Technical Note: An Eubiosis Index for the Microbiome

Eubiosis is a measure of Representative-ness in the Gut

If you look at a place of employment, ideally you would see each part of society represented in the employees. For example:

  • 50% males and 50% females
  • 62% white
  • 19% Hispanic or Latino
  • 12.4% Black or Africian American
  • 2% with Autism
  • 3% Native American
  • .01 with Down Syndrome
  • etc

A place that matches (or close to matches) could be said to have 100% Eubiosis – that is the percentage expected in reflected in the employees. This does not reflect this firms profitability or employee turnover rates or any of a dozen of other measures. It is an adjunct measure that is statistically based. Most estimates of gut health are subjective, often based on beliefs or for a specific type of condition. This measure can be low for someone in good health with no symptoms, but the odds are low.

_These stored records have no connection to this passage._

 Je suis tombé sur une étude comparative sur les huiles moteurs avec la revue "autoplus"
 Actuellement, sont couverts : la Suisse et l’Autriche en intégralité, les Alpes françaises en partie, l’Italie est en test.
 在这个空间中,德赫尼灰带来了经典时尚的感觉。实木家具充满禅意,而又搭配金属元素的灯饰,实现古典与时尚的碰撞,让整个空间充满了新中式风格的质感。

To illustrate this, the following is from one individual over time. Genus and Overall are from special studies.

2023-12-0649.7 %ile26.1%ile100%79%

The Eubiosis and Hawrelak both indicates worsening in the latest sample (my usual first question is: Any virus caught between samples? Second question is any vaccinations in the 6 weeks prior to the sample). Overall Citizen Science being high for symptoms indicates a strong pattern match to symptoms — which implies a worsening microbiome.

Below we have a bad Eubiosis, 3.9 — why is it bad because the amounts in each range is very far from the expected (statistically). The blue and red bars should be close to each other.

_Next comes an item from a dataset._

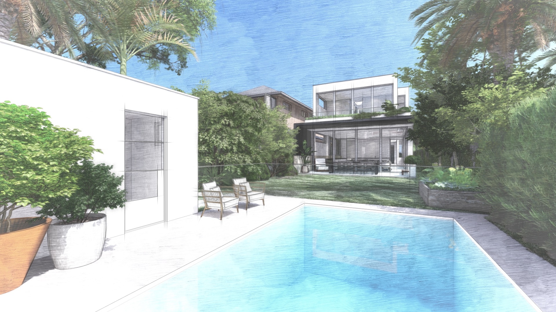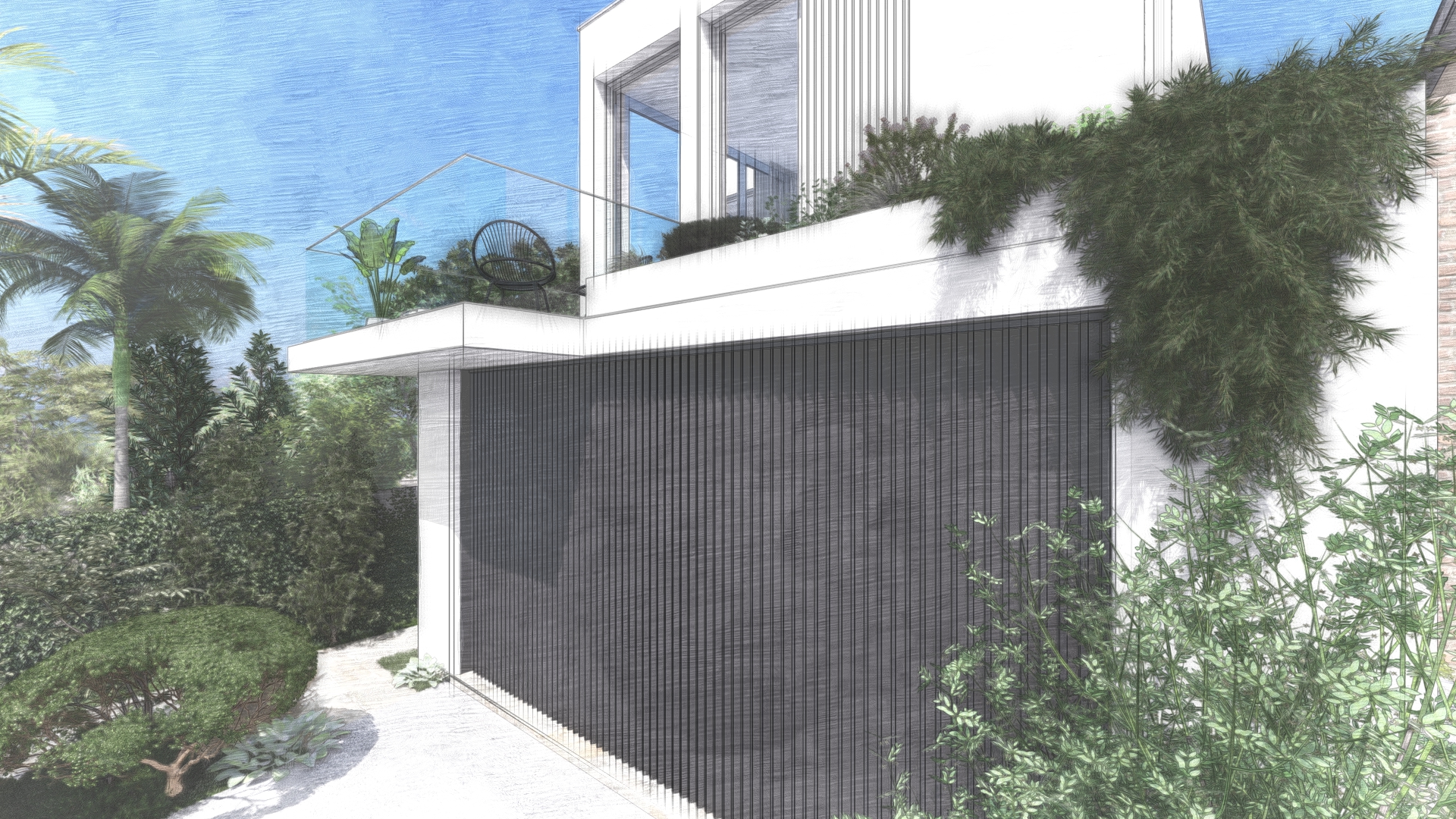 New build for a multigenerational family. Hemmed by both coast and bushland, the house incorporates a tiered design that follows the site's dramatic topography. Construction to commence in 2020.

This note in a continuation of an earlier note:

I am a statistician and operations research person by training and experience. I tend to take novel approaches to many issues based on mathematics. These are recorded in this series of notes

I have some 4,600 different unique microbiome samples uploaded to my citizen science site. Most of these are from people with gut issues. Some are from health hackers (i.e. no issues).

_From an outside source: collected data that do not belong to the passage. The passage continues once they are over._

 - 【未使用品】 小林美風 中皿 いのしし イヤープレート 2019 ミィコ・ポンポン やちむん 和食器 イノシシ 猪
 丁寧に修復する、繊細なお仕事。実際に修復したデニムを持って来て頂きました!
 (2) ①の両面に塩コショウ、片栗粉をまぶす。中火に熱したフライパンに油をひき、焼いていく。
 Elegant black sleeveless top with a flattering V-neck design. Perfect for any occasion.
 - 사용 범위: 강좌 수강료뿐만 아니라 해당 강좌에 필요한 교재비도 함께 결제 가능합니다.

A simple Chi2 experiment using percentages of percentiles is done. I bucketized the genus data into 10% percentile ranges resulting in 10 buckets, compute the chi2 and thus we have 9 degree of freedom.

Genus has adequate counts per sample. Species reporting is often very sparse for some tests (depending on the number of reads that the lab set as a threshold, etc.). Genus gives the highest count for a specific taxonomy rank in this dataset.

I then proceeded to plot the values to see what the data looks like. Note the significance levels for 9 degree of freedom below

  • 14.7 is 0.1
  • 16.9 is 0.05
  • 19.02 is 0.025
  • 21.7 is 0.01
  • 27.9 is 0.001

Over all of the values, we do see some extreme values

But let us look a less extreme values

We now need to do a little math assuming there was no significance, i.e. the numbers were happening random.

  • 0.1 (aka 10%) means that 90% of the samples would be expected to have a chi2 value of 14.7 or less. We have 1130/4600 or 24% of the samples

We could start working to lower values, but using 14.7 means that 1/4 of the samples at this value may not have dysbiosis. Taking 0.1 and this ratio, we can estimate that we have around a 97% chance of correctly identifying dysbiosis

General conclusion is that a gut without dysbiosis would have a chi2 value of 15 or below for genus.

The Challenge of Getting a “Health Index” for the Microbiome

Looking at a variety of microbiome testing sites I see a lot of “flying by the seats of their pants” being tossed out. IMHO, these sites are soiling their pants — somewhat appropriate for this business :-).

I believe we can create a statistically valid index that works solely off the numbers and not some idealized concept of what a healthy gut should be. We use the above analysis to create this index.

People like have a percentage number for a healthy gut, then the following is suggested (which is actually a percentile ranking):

  • Under 15: 100% good
  • Over 15: 100 – (Percentile over those over 15)

For lack of a better name (and keeping with naming practices for indices), I will call this the Lassesen Eubiosis Index with 100% being no apparent sign of dysbiosis and good eubiosis.

From the set of samples used above, I extracted a reference table (which may vary according to the test used and the population used). Since I know that the majority of samples have dysbiosis issues, this is likely a reasonable guideline.

Eubiosis IndexChi2

The joy of this approach is that it simple, statistically valid and is taxonomy agnostic. No judgement calls are being made on good or bad bacteria.

Example of 100% Eubiosis

We see a dip at the 50-59%ile range but this minor disturbance does not register as a likely dysbiosis.